# Find the column space of the matrix $\left(\begin{smallmatrix} 1 & 0 & -1 & 0 & 1\\ 0 & 1 & -1 & 2 &0\\ \end{smallmatrix}\right)$

I have the following matrix

$$\begin{pmatrix} 1 & 0 & -1 & 0 & 1\\ 0 & 1 & -1 & 2 &0\\ \end{pmatrix}$$

And I am unsure as to how to write the column space/image for the transformation it represents.

I know that, for a Mapping $$M:S\to R$$, $$\operatorname{Im}(M)$$ is the subspace of elements $$x$$ of $$R$$ for which there is some element $$y$$ of $$S$$ such that $$M(y)=x$$.

Should I write the Image as $$\operatorname{Im}(M)= \left(\begin{matrix} x_{1}-x_3+x_5\\ x_{2}-x_3+2x_4\\ \end{matrix}\right)$$

for $$x_1,x_2,x_3,x_4,x_5 \in\mathbb R$$?????
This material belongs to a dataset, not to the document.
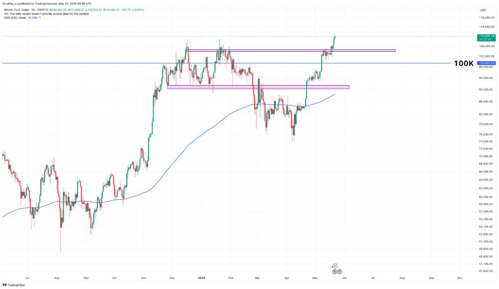 Our scenario of a strong breakout above $105K and new all-time highs played out exactly as expected. Bitcoin is now in price discovery mode, having breached resistance with momentum. On any pullback, we may see a retest of the previous range high around $105K.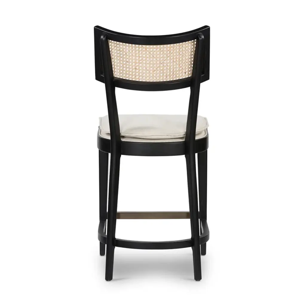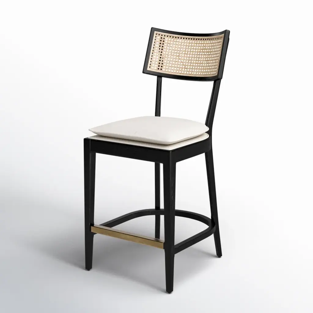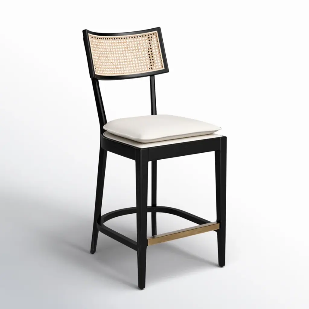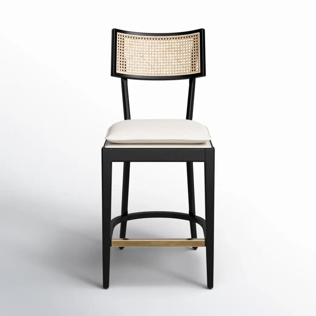 Light-Toasted parawood frames a textural inlay of Natural cane for a clean, monochromatic look, with seating of performance fabric for smart sensibility. Perfectly sized for the bar, with a brass kick plate for comfort and contrast. Performance fabrics are specially created to withstand spills, stains, high traffic and wear, ensuring long-term comfort and unmatched durability.

• If you find the reduced row echelon form, you can write everything in terms of the free variables then write it in terms of two vectors that span a plane. – Bor Kari Apr 10 at 21:09
• To put @Omega's answer another way: notice that the first two columns generate $\Bbb R^2$. With only two rows, you can't get any bigger than this, so the other columns are redundant. Therefore the column space is $\Bbb R^2$. (You could make exactly the same argument using, say, columns $3$ and $5$; it's just columns $1$ and $2$ are the obvious choice.) – Théophile Apr 10 at 21:12

That is not the image space, that is just another way to write the transformation. The image space is the entire $$R^2$$, since for any vector $$(x,y)$$, at least the vector $$(x,y,0,0,0)$$ is mapped onto it.
The image space is generated by the images of the vectors in the basis of $$\mathbf R^5$$ chosen to represent the transformation. Now, these images are precisely the $$5$$ column vectors. As they contain the vectors $$\;\begin{pmatrix} 1\\0\end{pmatrix}$$ and $$\;\begin{pmatrix}0\\1\end{pmatrix}$$ , which are a basis of $$\mathbf R^2$$, this means the image space is equal to $$\mathbf R^2$$.